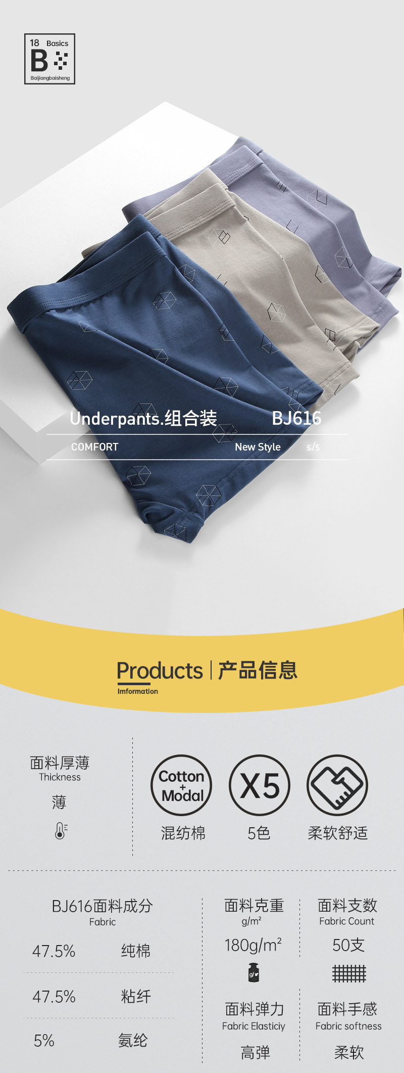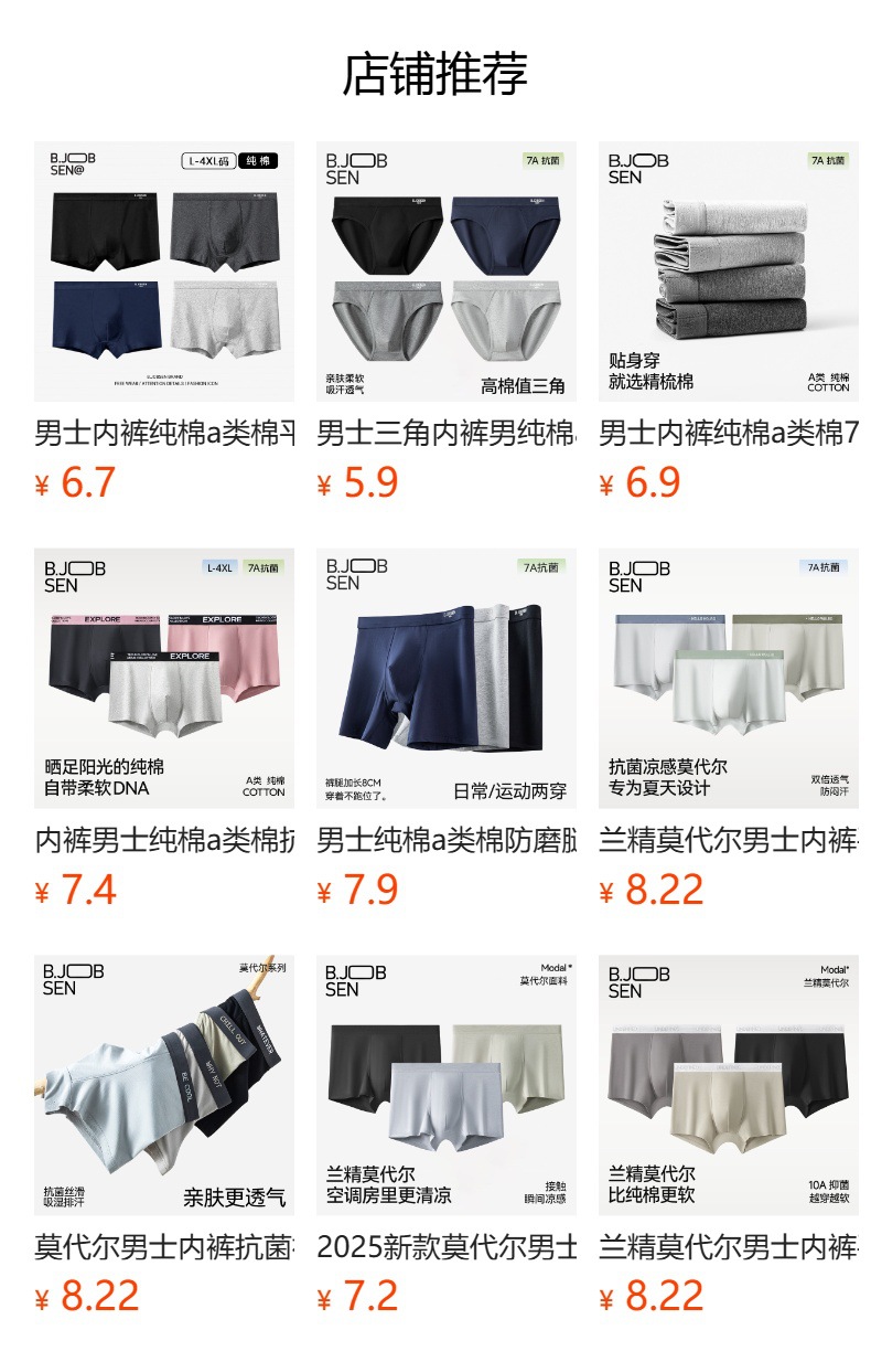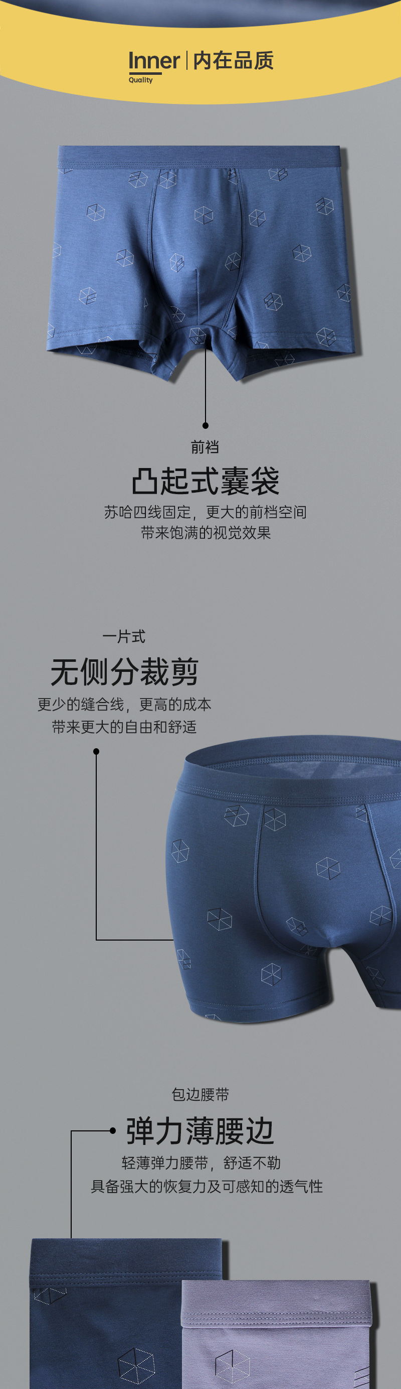 봄여름 남성 속옷 모달 코튼 플랫 코튼 미드웨이스트 부드럽고 통기성 좋은 남성용 코튼 사각팬티스토어 가기
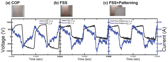 The voltage–current results obtained from the three DBD sources are presented in Figure 5. Voltage data are collected within 1 min after the initiation of the discharge, and the measurements are repeated 5 times to ensure accuracy. In Figure 5, and represent the voltage across the plasma resistance and the current flowing through from the measured data, respectively. Notably, the current results exhibit similarities in the observed trends of effective DBD discharge under the same square-wave generator power conditions [13,28]. Overall, the trends observed in the FSS and FSS + Patterning configurations are similar, while the Coplanar configuration shows slightly different results. The patterned dielectric does not affect the voltage–current shape and the difference can be attributed to variations in the electrode’s shape as the dielectric thickness remains the same. FSS-based structures have slightly biased and noisy voltage profiles. This shows that the shape of electrodes directly affects the circuit characteristics and plasma operations even in the similar structures. Additionally, a notable divergence is observed between the applied voltage and the voltage across the electrodes. This phenomenon is consistent with experiments exhibiting DBD characteristics in other instances, but the underlying cause remains elusive [13,15].
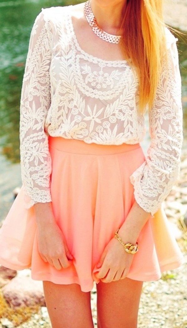 Нежная блуза молочного оттенка – идеальное дополнение для персиковой юбки. Получается скромный, нежный и романтичный аутфит.
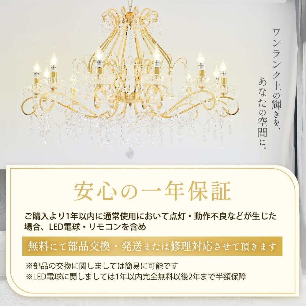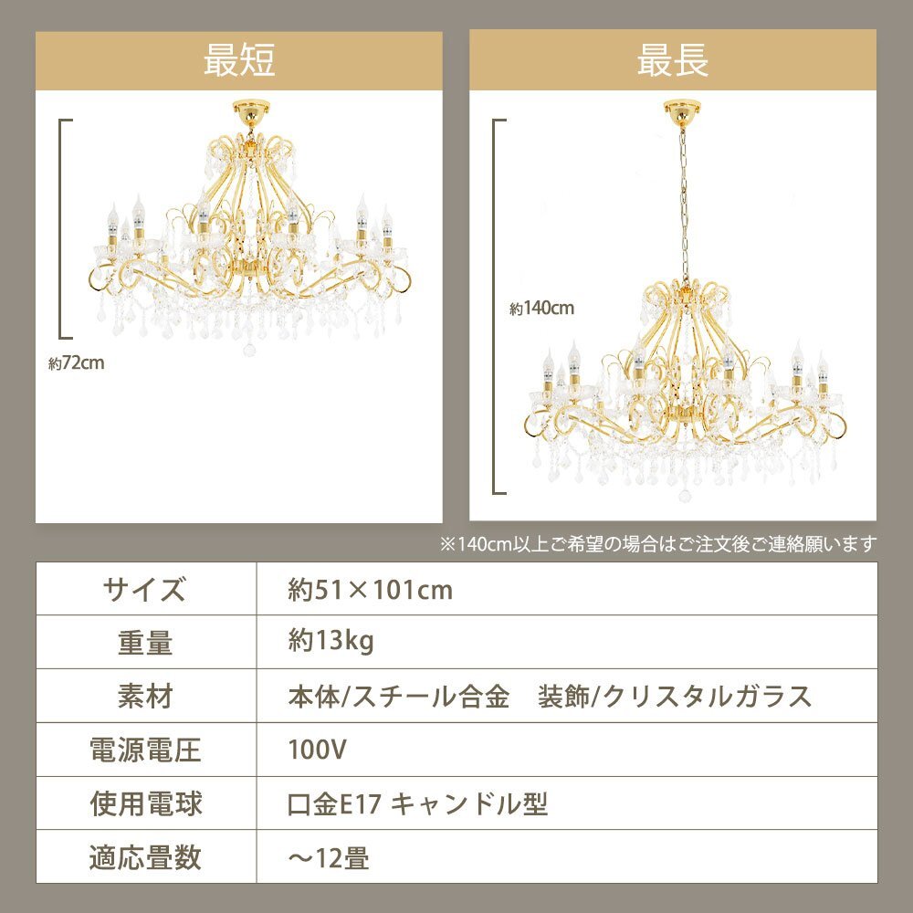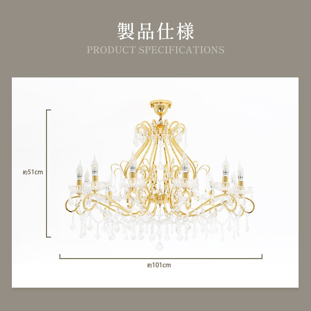 | 商品説明 | ![]() ☆LED電球サービスキャンペーン開催中!☆【送料無料!】新品 豪華 キャンドル12灯 LED クリスタル シャンデリア ワイド 101cm♪ ●キャンペーン期間中 広角LED電球12灯(¥14400-相当)お付けいたしまして驚きのプライス! ☆LED電球サービスキャンペーン開催中!☆ ※通常電球別売の為、価格記載の電球画像掲載がございますがキャンペーン期間中は無償提供(調光別途¥200-)させて頂いております※ ☆上質水晶ならではの最高の輝きを放つ新品クリスタルシャンデリア ☆添付画像では肉眼で見る本来のクリスタルの輝きをご確認いただけませんが、12灯の電球が上質クリスタル水晶を通し光の屈折で光の持つ本来のカラーをかもし出しダイヤモンドのように輝きながらワット数以上の明るさでお部屋を照らします ☆スタイルは飽きの来ないシンプルなデザインです♪ ☆とても明るく豪華なシャンデリアです ☆シャンデリア本体は調光にも対応しております ※調光ご希望の場合、調光対応LED1個¥200-アップと汎用調光器(Panasonic製LED用調光器推奨)が必要です ☆付属電球・・・口金E17広角LED白色又は暖色12灯(明るさ40ワット消費電力4ワット 暖色36Lm/W・白色40Lm/W) ※調光対応LED1個別途¥200- ※ご注文後ご希望のLED電球をお申し付けください ☆取り付けに関しましてはワンタッチでは御座いませんが(配線はワンタッチ)引掛けシーリングに対応しております ☆リビング等に最適なゴージャスクリスタルシャンデリアを是非この機会に! ☆サイズ・天井より下に最短72cm(飾り部分含む)から最長140cmまで調整可能 直径約101cm 重量約13キロです ※140センチ以上ご希望の場合はご注文後お申し付けください ![]() |
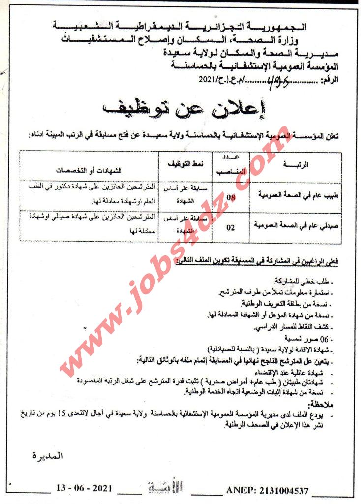 تعلن المؤسسة العمومية الاستشفائية بالحساسنة ولاية سعيدة عن فتح مسابقة في الرتب المبينة ادناه
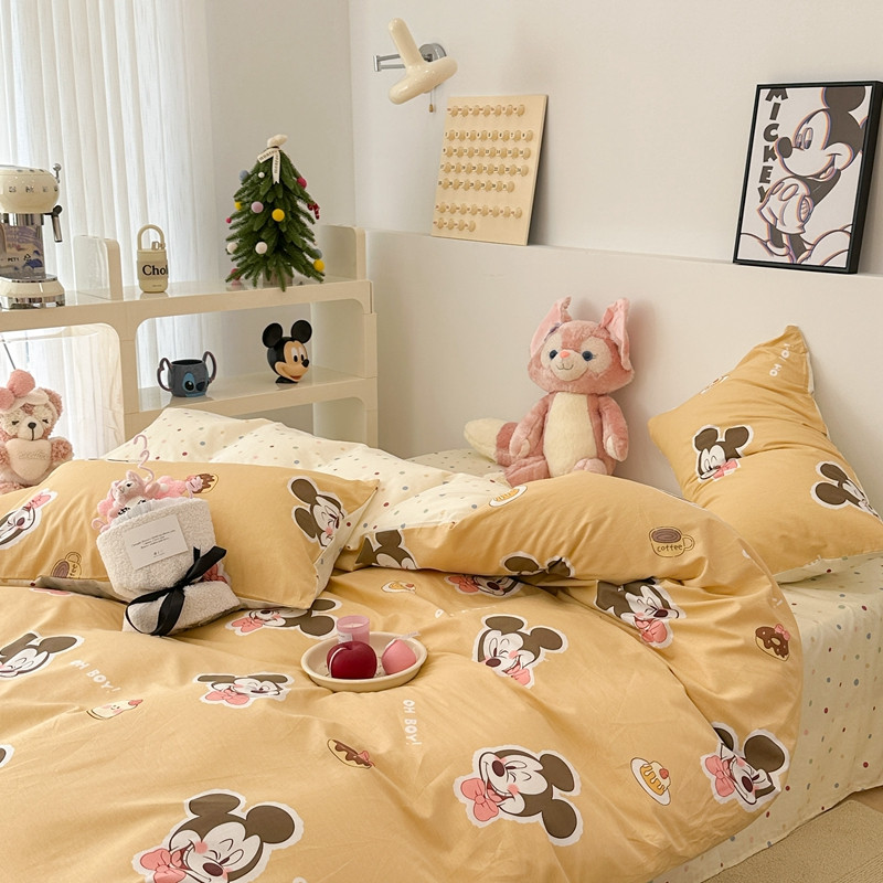 昔可家纺 2023新款迪士尼系列全棉四件套 蛋糕米奇黄
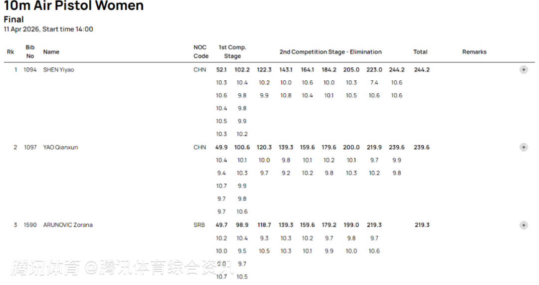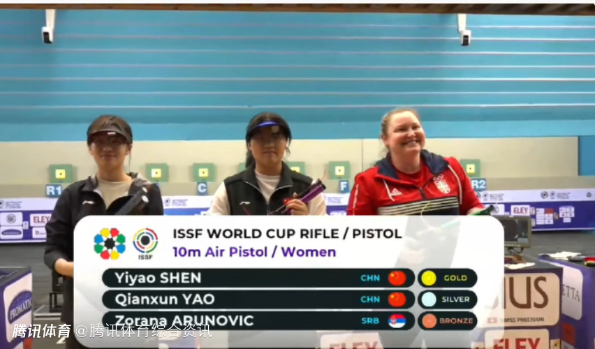 北京时间4月11日,射击世界杯女子10米气手枪比赛,中国选手包揽冠亚军。首次参加世界杯的沈奕瑶在决赛中一路领先最终夺冠,成绩为244.2环,另一位中国选手姚千寻和塞尔维亚选手阿鲁诺维奇分获银铜牌,另外一位中国选手马千珂名列第六。
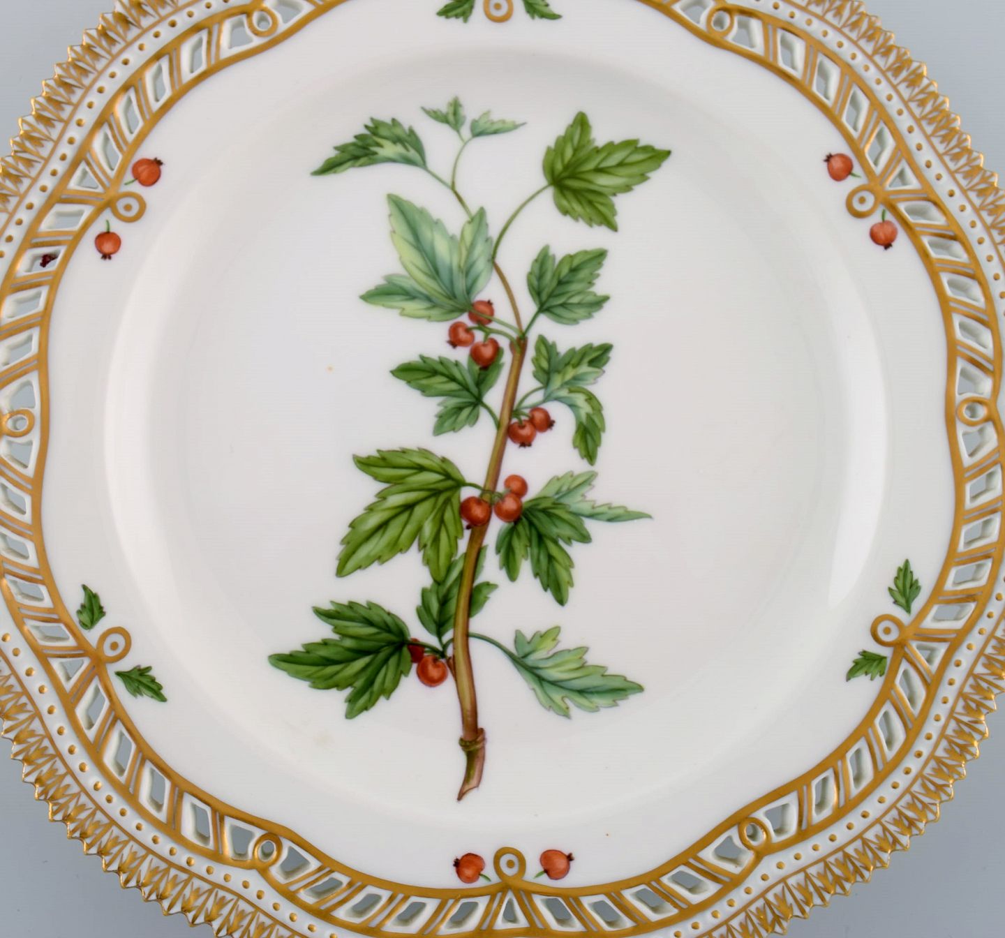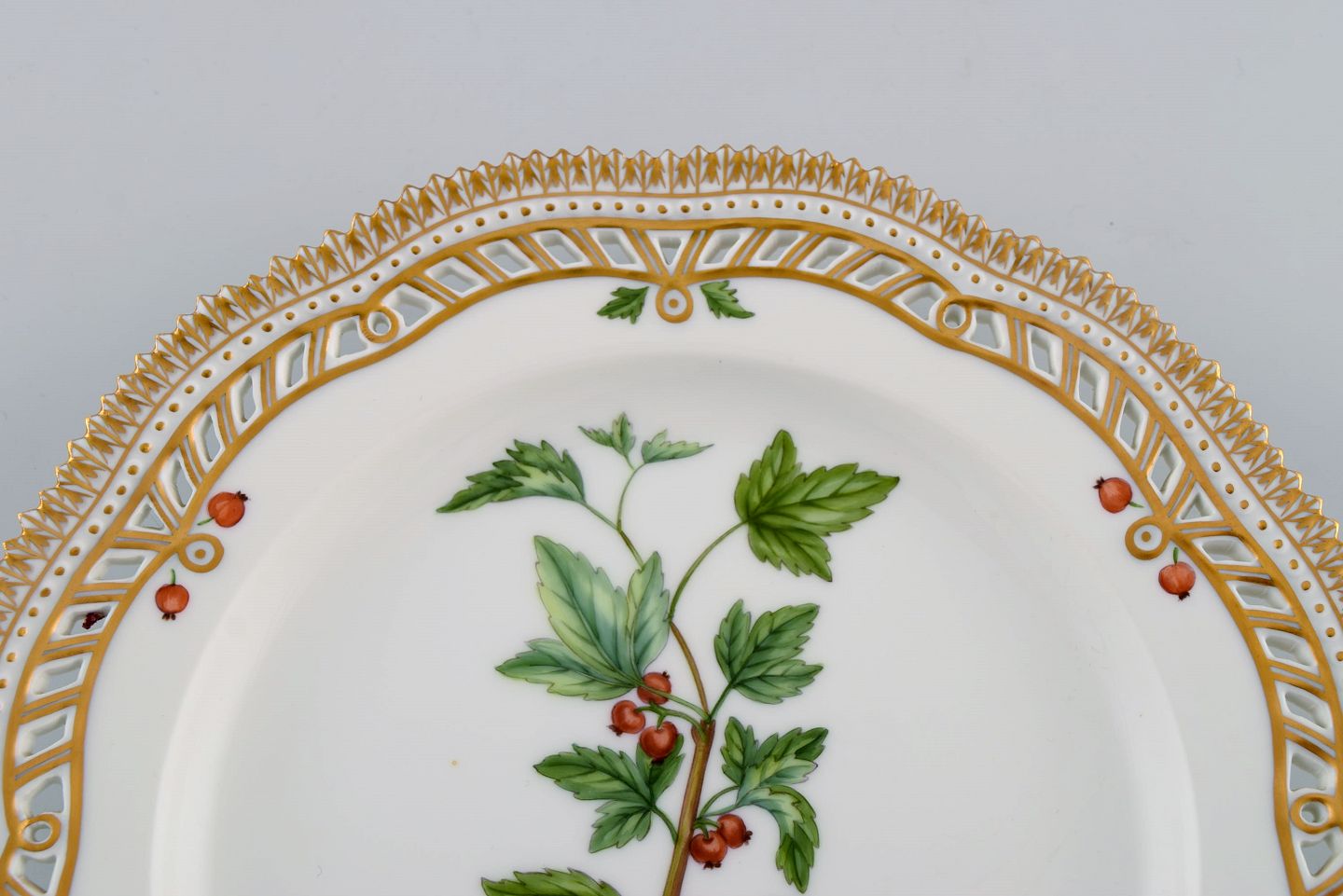 Royal Copenhagen Flora Danica gennembrudt tallerken i håndmalet porcelæn med blomster og gulddekoration. Modelnummer 20/3554. Diameter: 23 cm. I perfekt stand. 1. Sortering. Stemplet.

++++++++++++++++++++

→ **REQUIRED WORK**
Output the data above in full and exactly, with every image left out.

→ **WORKED SOLUTION**
 봄여름 남성 속옷 모달 코튼 플랫 코튼 미드웨이스트 부드럽고 통기성 좋은 남성용 코튼 사각팬티스토어 가기
 The voltage–current results obtained from the three DBD sources are presented in Figure 5. Voltage data are collected within 1 min after the initiation of the discharge, and the measurements are repeated 5 times to ensure accuracy. In Figure 5, and represent the voltage across the plasma resistance and the current flowing through from the measured data, respectively. Notably, the current results exhibit similarities in the observed trends of effective DBD discharge under the same square-wave generator power conditions [13,28]. Overall, the trends observed in the FSS and FSS + Patterning configurations are similar, while the Coplanar configuration shows slightly different results. The patterned dielectric does not affect the voltage–current shape and the difference can be attributed to variations in the electrode’s shape as the dielectric thickness remains the same. FSS-based structures have slightly biased and noisy voltage profiles. This shows that the shape of electrodes directly affects the circuit characteristics and plasma operations even in the similar structures. Additionally, a notable divergence is observed between the applied voltage and the voltage across the electrodes. This phenomenon is consistent with experiments exhibiting DBD characteristics in other instances, but the underlying cause remains elusive [13,15].
 Нежная блуза молочного оттенка – идеальное дополнение для персиковой юбки. Получается скромный, нежный и романтичный аутфит.
 | 商品説明 | ![]() ☆LED電球サービスキャンペーン開催中!☆【送料無料!】新品 豪華 キャンドル12灯 LED クリスタル シャンデリア ワイド 101cm♪ ●キャンペーン期間中 広角LED電球12灯(¥14400-相当)お付けいたしまして驚きのプライス! ☆LED電球サービスキャンペーン開催中!☆ ※通常電球別売の為、価格記載の電球画像掲載がございますがキャンペーン期間中は無償提供(調光別途¥200-)させて頂いております※ ☆上質水晶ならではの最高の輝きを放つ新品クリスタルシャンデリア ☆添付画像では肉眼で見る本来のクリスタルの輝きをご確認いただけませんが、12灯の電球が上質クリスタル水晶を通し光の屈折で光の持つ本来のカラーをかもし出しダイヤモンドのように輝きながらワット数以上の明るさでお部屋を照らします ☆スタイルは飽きの来ないシンプルなデザインです♪ ☆とても明るく豪華なシャンデリアです ☆シャンデリア本体は調光にも対応しております ※調光ご希望の場合、調光対応LED1個¥200-アップと汎用調光器(Panasonic製LED用調光器推奨)が必要です ☆付属電球・・・口金E17広角LED白色又は暖色12灯(明るさ40ワット消費電力4ワット 暖色36Lm/W・白色40Lm/W) ※調光対応LED1個別途¥200- ※ご注文後ご希望のLED電球をお申し付けください ☆取り付けに関しましてはワンタッチでは御座いませんが(配線はワンタッチ)引掛けシーリングに対応しております ☆リビング等に最適なゴージャスクリスタルシャンデリアを是非この機会に! ☆サイズ・天井より下に最短72cm(飾り部分含む)から最長140cmまで調整可能 直径約101cm 重量約13キロです ※140センチ以上ご希望の場合はご注文後お申し付けください ![]() |
 تعلن المؤسسة العمومية الاستشفائية بالحساسنة ولاية سعيدة عن فتح مسابقة في الرتب المبينة ادناه
 昔可家纺 2023新款迪士尼系列全棉四件套 蛋糕米奇黄
 北京时间4月11日,射击世界杯女子10米气手枪比赛,中国选手包揽冠亚军。首次参加世界杯的沈奕瑶在决赛中一路领先最终夺冠,成绩为244.2环,另一位中国选手姚千寻和塞尔维亚选手阿鲁诺维奇分获银铜牌,另外一位中国选手马千珂名列第六。
 Royal Copenhagen Flora Danica gennembrudt tallerken i håndmalet porcelæn med blomster og gulddekoration. Modelnummer 20/3554. Diameter: 23 cm. I perfekt stand. 1. Sortering. Stemplet.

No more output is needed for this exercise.